Leah knew what to look for. Fifty people would need a lot of food, water, gasoline, and whatever else other people used. Somebody would have to drive into a town now and then to buy that stuff.
30
Lee Wolf had taken the car that Joe Lambert had brought with him from Oregon and then driven to Weldonville. Wolf had left his car in Arkansas in the Swift Sword settlement. It wasn’t registered to him, but to a fictitious woman named Maura Banks. The group had always been very generous about making sure Pastor Lee was supplied with the things he needed to get along—food, clothing, shelter, and a car were about all anybody needed, and he had them. All members of the group who were able to work at paying jobs did so, but of course, Lee Wolf couldn’t.

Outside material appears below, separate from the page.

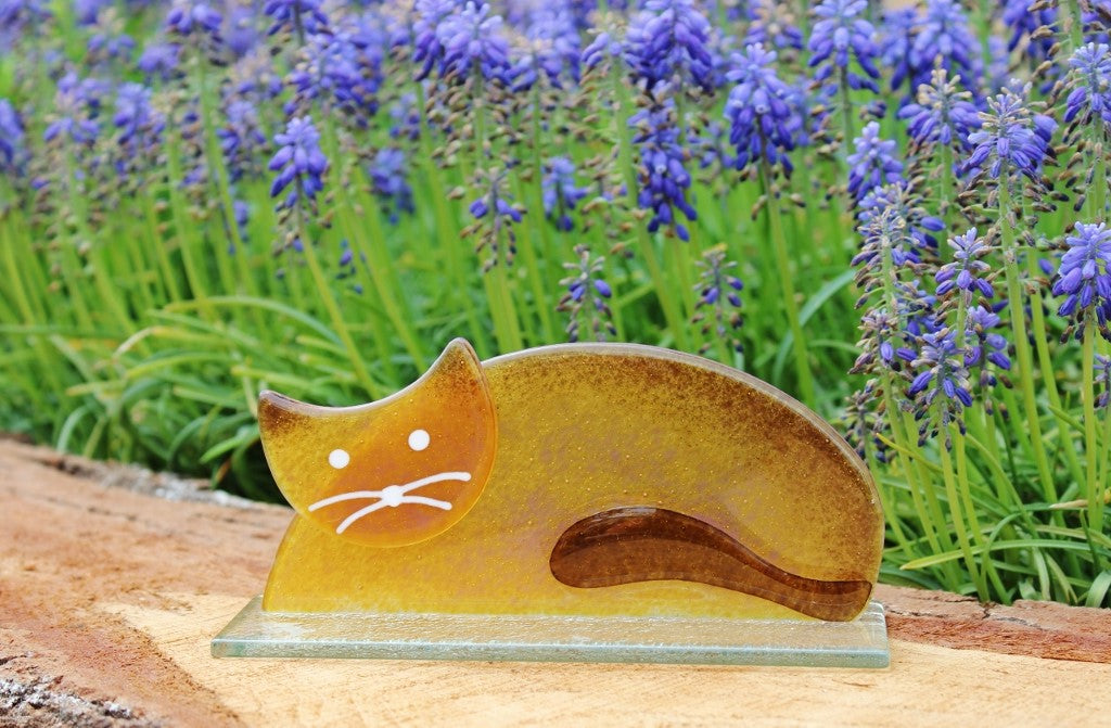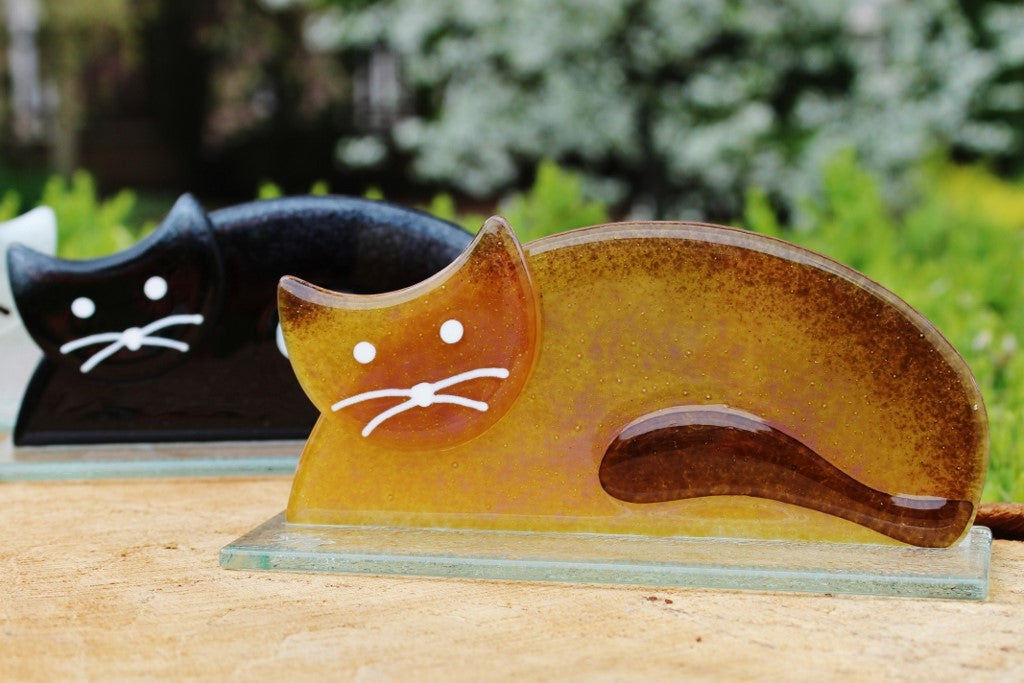 Ambrová kočka krásně ladí s dřevěným nábytkem, krémovými textiliemi nebo měděnými akcenty. Umístěte ji na jídelní stůl nebo na polici vedle keramických dekorací. Tato skleněná figurka je dokonalou dekorací do obýváku, která přináší hřejivou atmosféru a stane se vaším oblíbeným kouskem.

He was a federal fugitive. A paycheck with his name and social security number on it might as well be radioactive. It would kill him quicker than cancer.
Wednesday night, when Lee Wolf had been in the council chamber in Weldonville and had heard the unmistakable sounds of a two-sided gunfight going on out in the hallway, he had looked at the floor and seen Joe Lambert for a second, trying to crawl with what looked like a da
gger in his throat. Wolf and Lambert were the only former prisoners in the room. He knelt beside Lambert, his eyes flicking to the hostages and back to Lambert. He reached into Lambert’s pocket and took his car keys. He murmured, “You’re not going to be able to drive, Joe. Don’t worry, I’ll get you out of here.”

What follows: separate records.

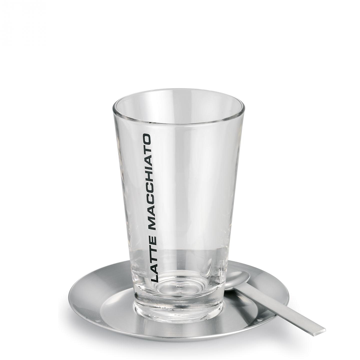 Sada latte macchiato je elegantní a krásně navržená sada obsahující šálek s podšálkem a lžičkou o rozměrech 15 cm (= průměr podšálku); 15,5 cm (= výška sklenice); 350 ml (= objem šálku). Tento set se dokonale hodí do každé moderní domácnosti, sklenice skvěle padne do ruky a navíc je vyrobena ze žáruvzdorného skla. Podšálek a lžička jsou pak vyrobeny z vkusné matné nerezové oceli, takže jsou velmi odolné vůči potravinovým kyselinám a tvarové nestabilitě.
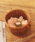 ●軽くて丈夫な水杉素材のハンドル付きラウンドバスケット。
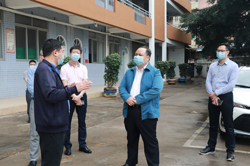 鎮委書記吳潤玲、鎮委委員梁健陽、副鎮長朱洪光等人在鎮宣教文體局負責人、有關學校負責人等陪同下,前往望牛墩鎮望牛墩中學、育林學校等公民辦學校實地視察督導。每到一所學校,均詳細聽取學校關于學生返校疫情防控準備工作介紹,詳細檢查了學校飯堂消毒工作、宿舍安排、臨時觀察室設置及防疫物資儲備情況,并要求各學校務必做好應急處置預案,細之又細地為即將到來的開學復課做好最充分的準備。
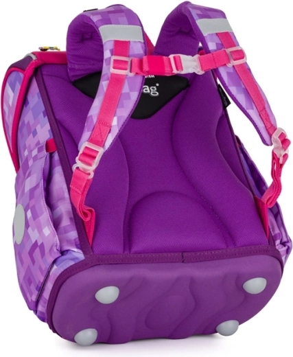 Cartable scolaire stylé avec motif pixel art dans des tons de violet et de rose, doté d’un dos anatomique, d’une construction rigide et d’une boucle métallique de sécurité avec élément réfléchissant. Grâce à un unique compartiment spacieux, une poche frontale pour le goûter et des éléments réfléchissants, il est idéal pour les élèves de 1re à 2e année.
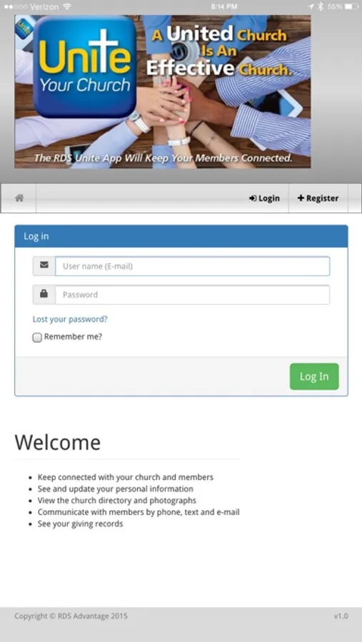 RDS Connect Unite® APP (Unite your church) is a series of features that allow members to access the church database and more easily communicate with each other. With the convenience of tablets and smartphones members have access to information of interest to them, can communicate with other members, update personal information, make contributions and payments, and more.

He stood and glared at the hostages. Should he try to shoot them all? No, that would just make him the emergency and direct the hostile gunfire toward himself. He looked at Lambert again. Should he try to lift him and drag him out? That would leave the hostages alone. But what could Lambert do against them anyway? The questions came in rapid succession, but there were no answers. Wolf couldn’t let himself be paralyzed by indecision. He had to move. He stepped to the door in the back of the council chamber. He could see now that it had the chipped and faded word “FIRE” painted on the wood. He turned the knob and, as though in a dream, it opened. He expected to see another shiny floor, or at least a wall, but the door led directly outside.
He reassured himself that he had not been running away. It was all that noise, the horror of seeing Lambert grotesquely wounded and crawling on the floor, the smell of gunfire. Outside it was cool and dark, the air was fresh, and the noises were far away and muted. It was as though Wolf had opened the door and fallen out.

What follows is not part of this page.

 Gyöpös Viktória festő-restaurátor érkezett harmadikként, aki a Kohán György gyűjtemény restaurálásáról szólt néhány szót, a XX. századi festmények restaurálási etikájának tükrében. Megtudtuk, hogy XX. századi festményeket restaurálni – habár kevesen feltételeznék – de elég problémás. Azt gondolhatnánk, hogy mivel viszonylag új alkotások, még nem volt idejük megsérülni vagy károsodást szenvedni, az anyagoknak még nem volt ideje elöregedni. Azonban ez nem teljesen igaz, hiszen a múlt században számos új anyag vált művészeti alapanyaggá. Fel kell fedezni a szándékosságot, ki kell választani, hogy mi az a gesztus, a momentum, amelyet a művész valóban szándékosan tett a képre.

When he found himself out there, the fire door was already closing. There was no doorknob on the outside, so he couldn’t have gone back in if he had wanted to. He thought of the next best move, which was to run around to the front of the building and kill the woman from behind to protect the others. When he told the others about it, he said he had gone around and found it locked, but actually he hadn’t been able to make his feet move in that direction. He said the front doors were locked from the inside, that maybe the old cop had done it before he died, or maybe the big blond woman. Either way, he told them, there was no getting in that entrance.